> [Exercise]
What follows is a set of entries. Give them again exactly, without the pictures.

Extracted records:
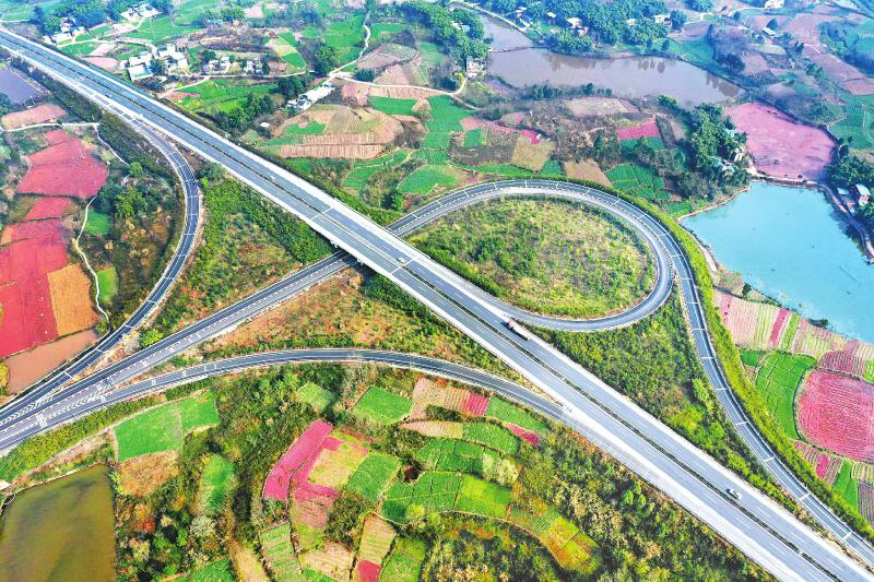 连日来,仁沐新高速公路加大马力推进建设。图为近日航拍的已通车的仁沐新高速公路仁井段。 潘建勇 摄(视觉四川)
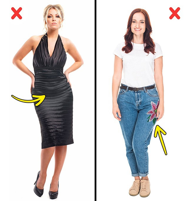 Nếu bạn có vòng eo không mấy nhỏ nhắn, hãy ưu tiên thiết kế peplum hoặc xếp nếp khéo léo thay vì váy bó lộ bụng. Còn trường hợp đùi to, đừng diện quần có túi nổi hay họa tiết bắt mắt ở khu vực bạn muốn giấu đi.
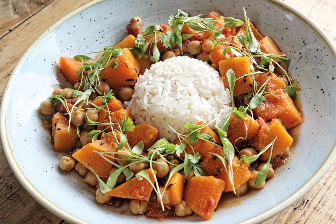 Chris Morris, head chef at The Kitchen at The Donkey Sanctuary in Sidmouth, shares his African inspired butternut squash and chickpea stew with long grain rice and micro coriander recipe
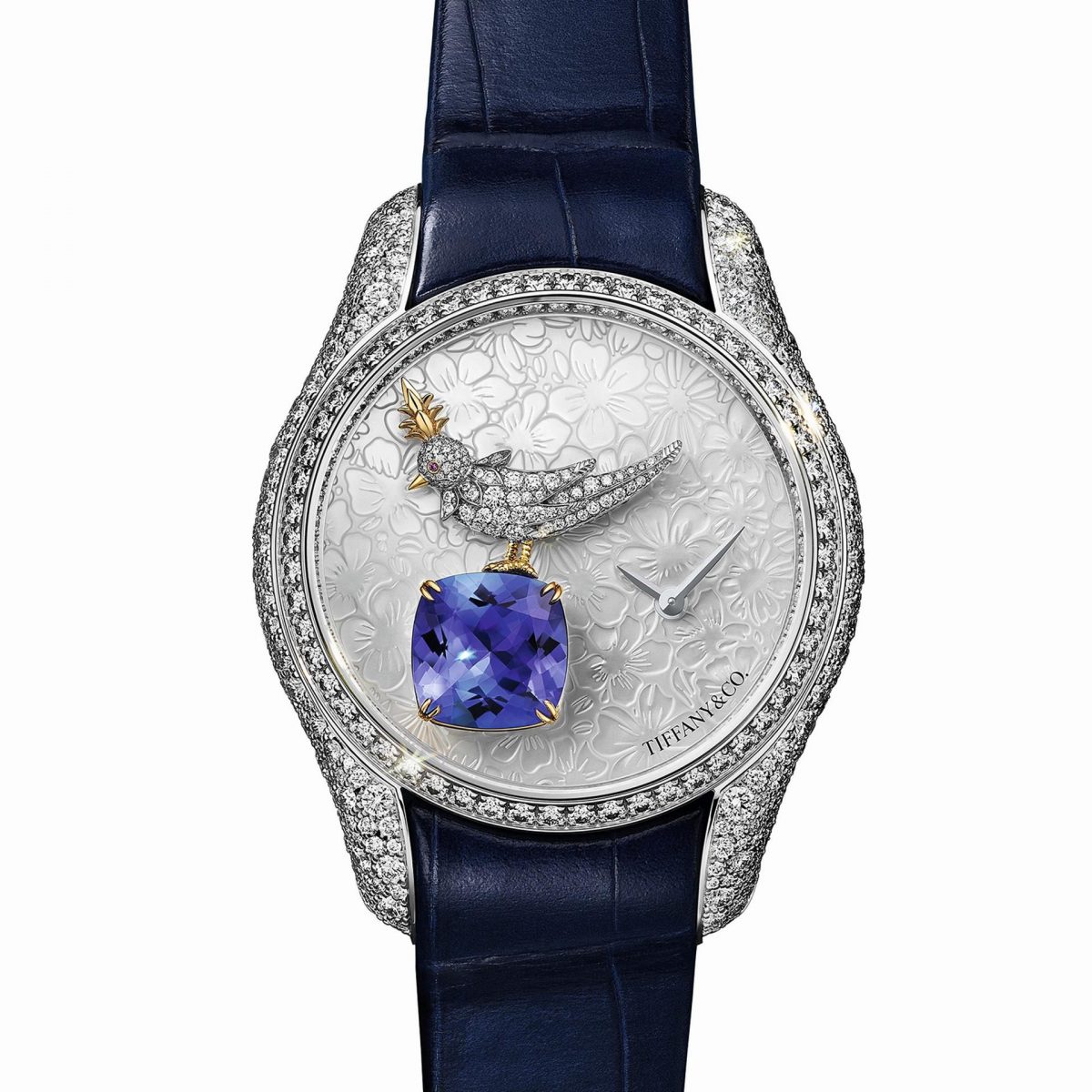 Tiffany & Co. вновь интерпретировала культовую брошь 1965 года работы Жана Шлюмберже, одного из величайших ювелирных дизайнеров всех времен. Сегодня его хрупкая птичка перемещается на циферблат изящных дамских часов Bird on a Rock Legacy Tanzanite, в центре которого закреплен танзанит весом 2,72 карата огранки «кушон». Даже крапаны, удерживающие камень, выглядят как птичьи когти. Корпус диаметром 36 мм украшен бриллиантами в технике «снежной» закрепки, на которую у мастеров уходит около 55 часов работы. Инкрустация же золотой птицы 119 бриллиантами и розовым сапфиром занимает более суток. Окошко с увеличительным стеклом на задней крышке позволяет рассмотреть скрытую красоту камня.
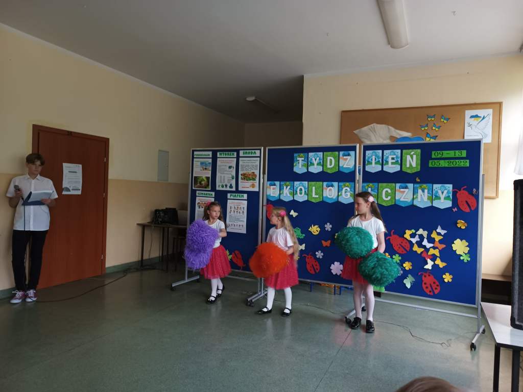 Na kolejne dni zaplanowano: „Sprzątanie Świata”, kiermasz ekologiczny pt. ”Smacznie-zdrowo-kolorowo”, konkurs na najbardziej kolorową klasę oraz turniej sportowy z przyborami z recyklingu.
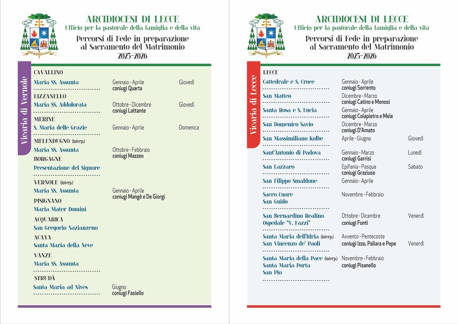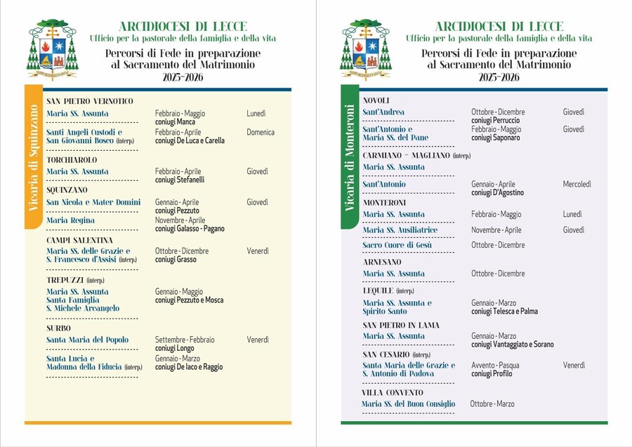 Il percorso verso il matrimonio è un momento in cui riflettere sul passo che si sta per compiere e rafforzare la scelta di celebrare in Chiesa il matrimonio, ma anche un momento di confronto con altre coppie che hanno scelto di intraprendere lo stesso cammino e, allo stesso tempo, un’occasione per ascoltare la Parola di Dio e lasciarsi, da questa, interrogare. Per questo l’arcidiocesi, grazie all’Ufficio diocesano della pastorale familiare e della vita diretto da don Giovanni Serio, parroco di Santa Maria della Porta in Lecce, ha pubblicato il calendario di quest’anno (VEDI SOTTO) con tutti gli incontri nelle quattro vicarie della diocesi e nelle diverse comunità in cui si svolgerà il percorso di fede in preparazione al sacramento del matrimonio.
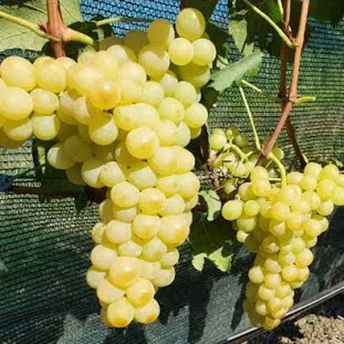 Ягоды среднего размера, с изящной округлой или слабо овальной формой, окрашены в благородный белый цвет. Сахаристость плодов варьируется от 19 до 24 г/100 см³, что в сочетании с титруемой кислотностью 4,5-5,5 г/дм³ дарит гармоничный вкус с легкой ноткой муската. Этот сорт идеально подойдет как для непосредственного употребления, так и для производства ароматного кишмиша.
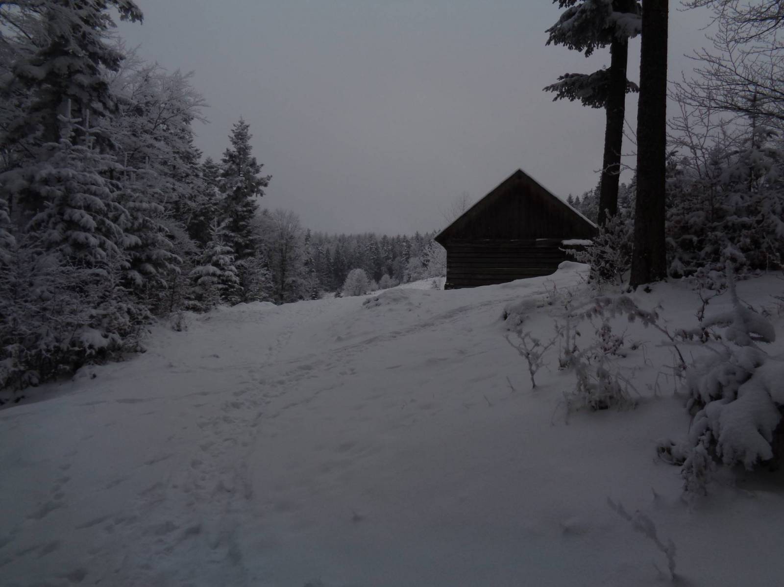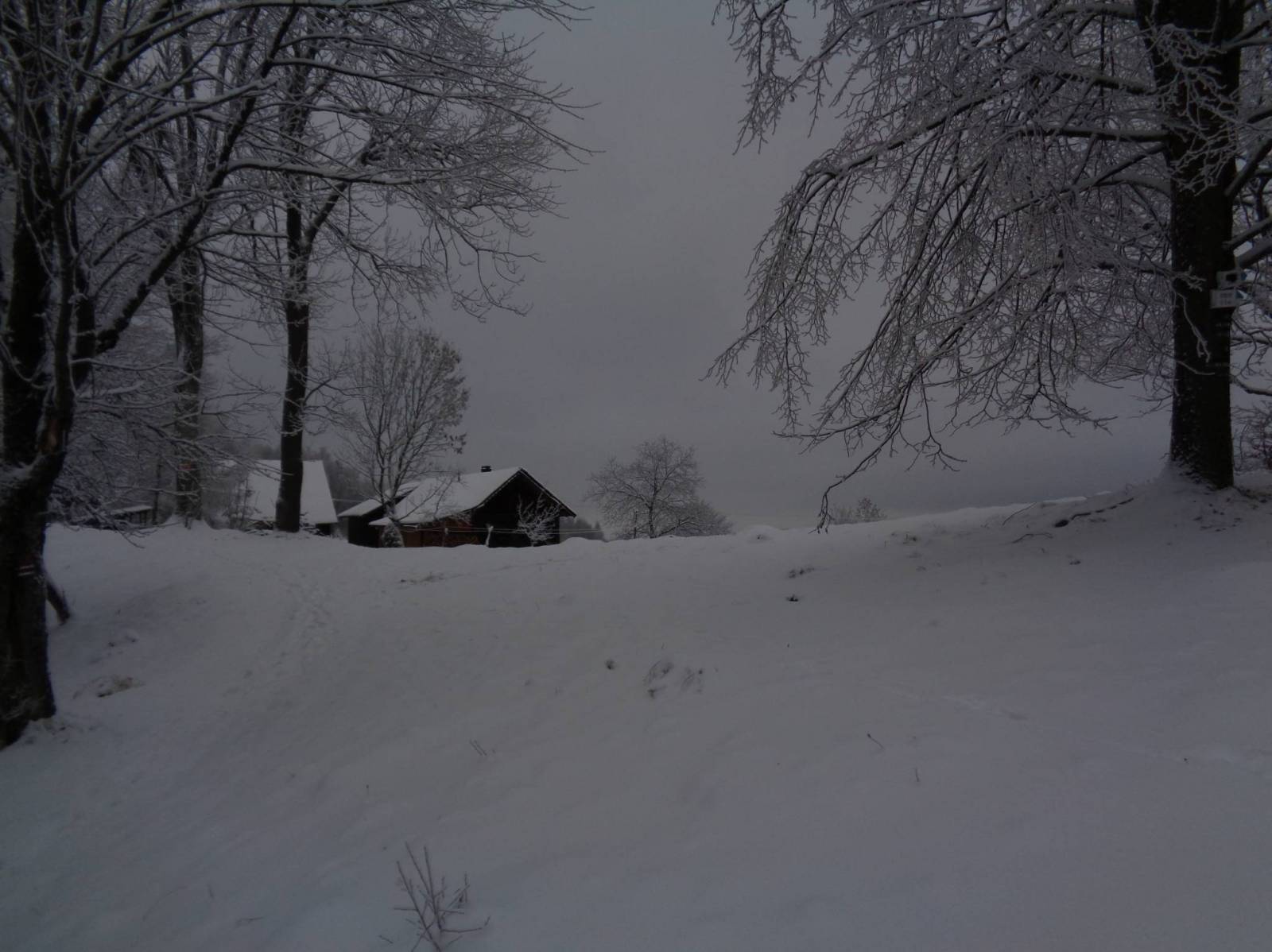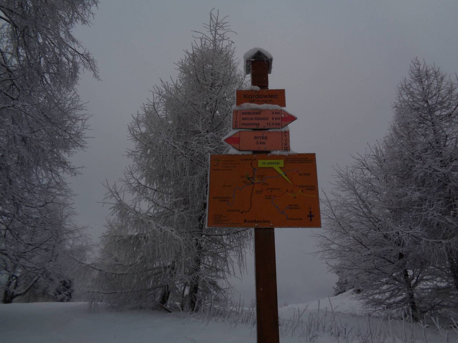 W połowie grudnia na zakończenie sezonu odbyłem wycieczkę z Rytra do Piwnicznej. Aura sprzyjała popadało troszkę śniegu i zrobiło się biało. Z Rytra ruszamy szlakiem czerwonym i pniemy się pod górę, jest ślisko zwłaszcza na drogach. ale po wyjściu na grzbiet już jest spokojnie. Zmierzamy nim do Kordowca i dalej na hale Niemcową. Śniegu jest coraz więcej a nowy zaczyna padać czyli aura w pełni zimowa :). Dalej czerwonym idziemy do Wielkiego Rogacza. Tu przechodzimy na szlak niebieski i schodzimy do przełęczy Obidza. Tu odbiłem w dół do Bacówki na Obidzy gdzie zamierzałem coś zjeść i odpocząć, ale niestety Bacówka zamknięta a karteczka informuje że jest otwarta tylko w weekendy :( niestety ja byłem w piątek i odbiłem się od drzwi. Wracam na przełęcz i dalej szlakiem zielonym idę na Eliaszówkę dojść spokojny szlak a na szczycie czeka nagroda wieża widokowa i wiata. Niestety z powodu mgły wic niebyło widać więc zrezygnowałem z wspinaczki na nią. Dalej szlak zielony stopniowo schodzi do Piwnicznej a tam gdzie jest bardziej stromo są porobione schody .

> [Result]
 连日来,仁沐新高速公路加大马力推进建设。图为近日航拍的已通车的仁沐新高速公路仁井段。 潘建勇 摄(视觉四川)
 Nếu bạn có vòng eo không mấy nhỏ nhắn, hãy ưu tiên thiết kế peplum hoặc xếp nếp khéo léo thay vì váy bó lộ bụng. Còn trường hợp đùi to, đừng diện quần có túi nổi hay họa tiết bắt mắt ở khu vực bạn muốn giấu đi.
 Chris Morris, head chef at The Kitchen at The Donkey Sanctuary in Sidmouth, shares his African inspired butternut squash and chickpea stew with long grain rice and micro coriander recipe
 Tiffany & Co. вновь интерпретировала культовую брошь 1965 года работы Жана Шлюмберже, одного из величайших ювелирных дизайнеров всех времен. Сегодня его хрупкая птичка перемещается на циферблат изящных дамских часов Bird on a Rock Legacy Tanzanite, в центре которого закреплен танзанит весом 2,72 карата огранки «кушон». Даже крапаны, удерживающие камень, выглядят как птичьи когти. Корпус диаметром 36 мм украшен бриллиантами в технике «снежной» закрепки, на которую у мастеров уходит около 55 часов работы. Инкрустация же золотой птицы 119 бриллиантами и розовым сапфиром занимает более суток. Окошко с увеличительным стеклом на задней крышке позволяет рассмотреть скрытую красоту камня.
 Na kolejne dni zaplanowano: „Sprzątanie Świata”, kiermasz ekologiczny pt. ”Smacznie-zdrowo-kolorowo”, konkurs na najbardziej kolorową klasę oraz turniej sportowy z przyborami z recyklingu.
 Il percorso verso il matrimonio è un momento in cui riflettere sul passo che si sta per compiere e rafforzare la scelta di celebrare in Chiesa il matrimonio, ma anche un momento di confronto con altre coppie che hanno scelto di intraprendere lo stesso cammino e, allo stesso tempo, un’occasione per ascoltare la Parola di Dio e lasciarsi, da questa, interrogare. Per questo l’arcidiocesi, grazie all’Ufficio diocesano della pastorale familiare e della vita diretto da don Giovanni Serio, parroco di Santa Maria della Porta in Lecce, ha pubblicato il calendario di quest’anno (VEDI SOTTO) con tutti gli incontri nelle quattro vicarie della diocesi e nelle diverse comunità in cui si svolgerà il percorso di fede in preparazione al sacramento del matrimonio.
 Ягоды среднего размера, с изящной округлой или слабо овальной формой, окрашены в благородный белый цвет. Сахаристость плодов варьируется от 19 до 24 г/100 см³, что в сочетании с титруемой кислотностью 4,5-5,5 г/дм³ дарит гармоничный вкус с легкой ноткой муската. Этот сорт идеально подойдет как для непосредственного употребления, так и для производства ароматного кишмиша.
 W połowie grudnia na zakończenie sezonu odbyłem wycieczkę z Rytra do Piwnicznej. Aura sprzyjała popadało troszkę śniegu i zrobiło się biało. Z Rytra ruszamy szlakiem czerwonym i pniemy się pod górę, jest ślisko zwłaszcza na drogach. ale po wyjściu na grzbiet już jest spokojnie. Zmierzamy nim do Kordowca i dalej na hale Niemcową. Śniegu jest coraz więcej a nowy zaczyna padać czyli aura w pełni zimowa :). Dalej czerwonym idziemy do Wielkiego Rogacza. Tu przechodzimy na szlak niebieski i schodzimy do przełęczy Obidza. Tu odbiłem w dół do Bacówki na Obidzy gdzie zamierzałem coś zjeść i odpocząć, ale niestety Bacówka zamknięta a karteczka informuje że jest otwarta tylko w weekendy :( niestety ja byłem w piątek i odbiłem się od drzwi. Wracam na przełęcz i dalej szlakiem zielonym idę na Eliaszówkę dojść spokojny szlak a na szczycie czeka nagroda wieża widokowa i wiata. Niestety z powodu mgły wic niebyło widać więc zrezygnowałem z wspinaczki na nią. Dalej szlak zielony stopniowo schodzi do Piwnicznej a tam gdzie jest bardziej stromo są porobione schody .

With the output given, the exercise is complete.